Does anyone have any tips for improving performance on these kinds of jobs?

Gavin
  • 197
  • 1
  • 1
  • 10
  • That looks definitely like a db problem. How long does it take until the Select-Query returns if you run it directly in a sql/db browser? Furthermore, have you set autocommit to false? What is the commitSize oft your step? Generally, you should be able to read and write a couple of thousands of entries per second. – Hansjoerg Wingeier Sep 19 '16 at 08:04

2 Answers2

0

Does anyone have any tips for improving performance on these kinds of jobs?
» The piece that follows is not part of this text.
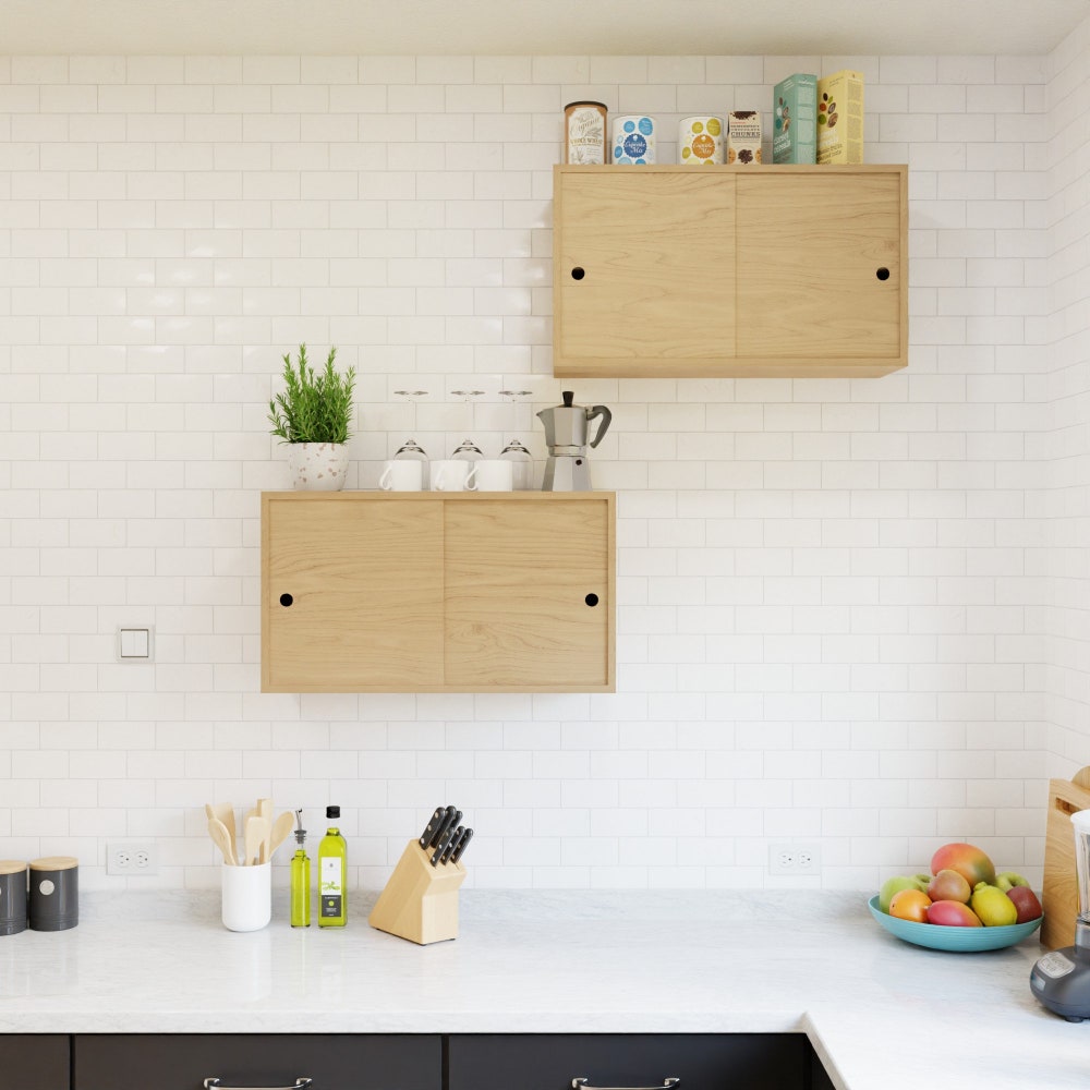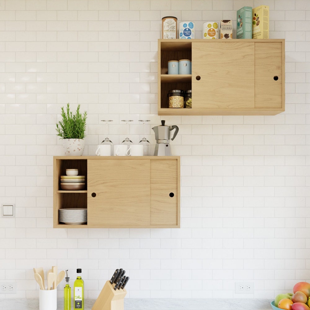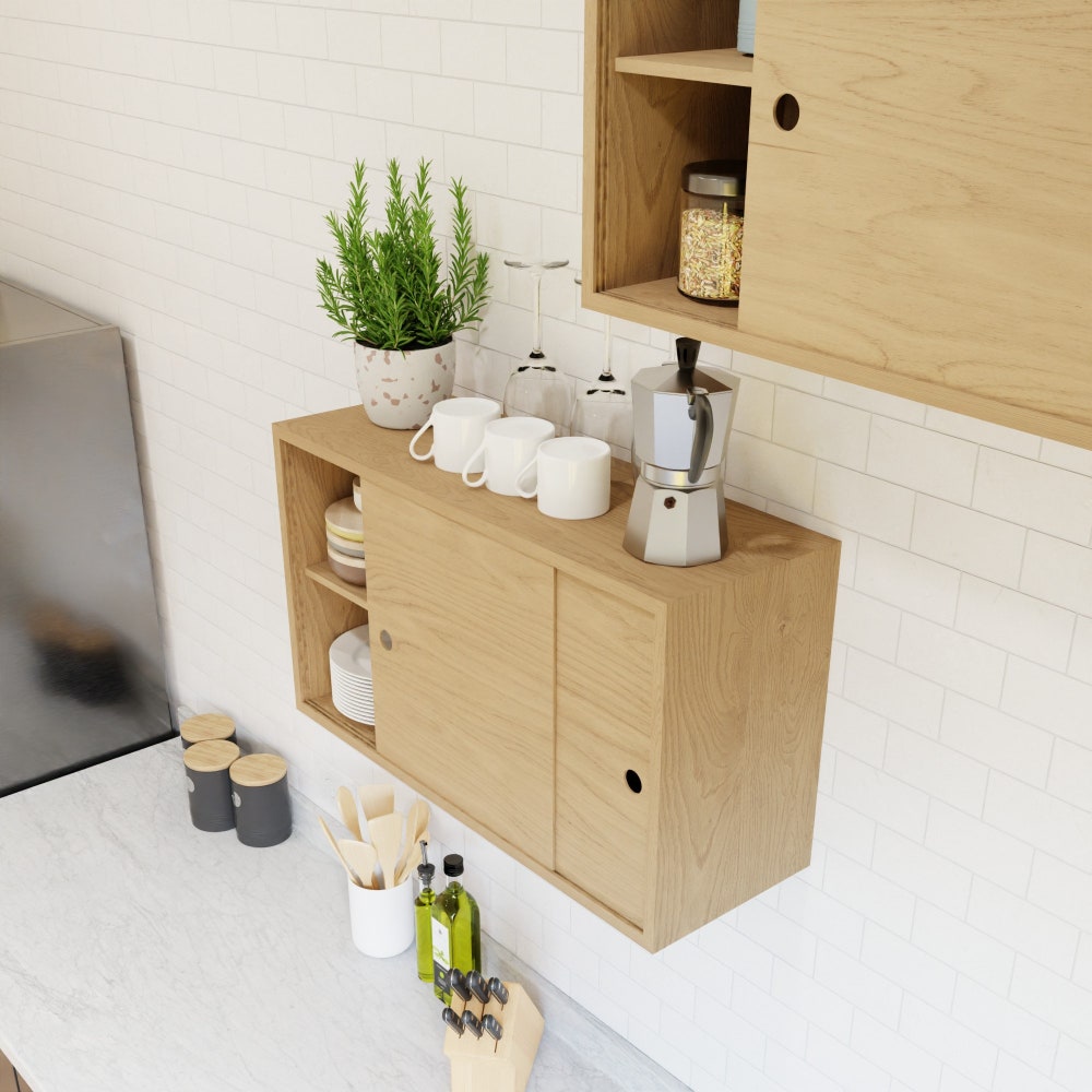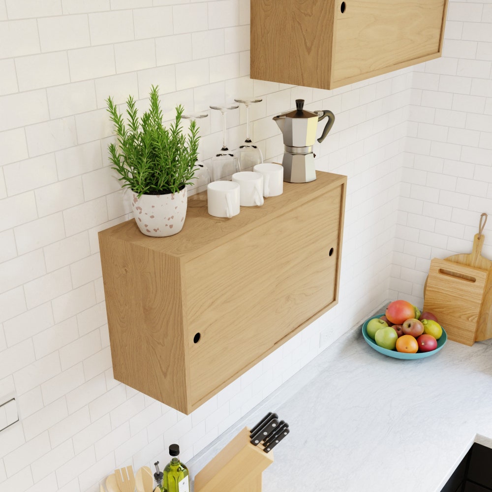 Our Floating Storage Cabinet is handmade from solid Hard Maple with matching-grain veneer sliding doors. This larger version of our standard floating storage cabinet has a fixed shelf behind the doors for versatile storage solutions for any room in your home.

I would approach in this way..

1.See the wait stats for the process i am running

select * from sys.dm_exec_requests where session_id=<< your session id>>

To identify your sessionid,you can check sys.processes

select spid,waittime,lastwaittype,status
hostname,     --below three columns help you identify your query/spid,
 program_name,--- you can replace spid in above query to get live status
nt_username
 from sys.sysprocesses

2.Troubleshoot based on wait type..

TheGameiswar
  • 27,855
  • 8
  • 56
  • 94
0

I would first insert your records to a source table (personally, I'd use a temp table) and then leverage the MERGE command to push the records from that "source" table into your "target" table.

A couple key performance concerns:

  • Make sure you match on an indexed key on your target table
  • Assuming you want to update MATCHED rows, do NOT update the index column(s) as part of your UPDATE statement
  • Set your commit interval decently high. Your DB should be able to merge 1000 rows without breaking a sweat. Committing too frequently will add significant overhead.

Now to accomplish this with Spring Batch, you'll probably need a composite ItemWriter (one comes out of the box with the framework). Delegate writer 1 would be the JdbcBatchItemWriter you're already using and would insert to that source table. Delegate writer 2 would be custom and would simply execute your MERGE command.

Dean Clark
  • 3,770
  • 1
  • 11
  • 26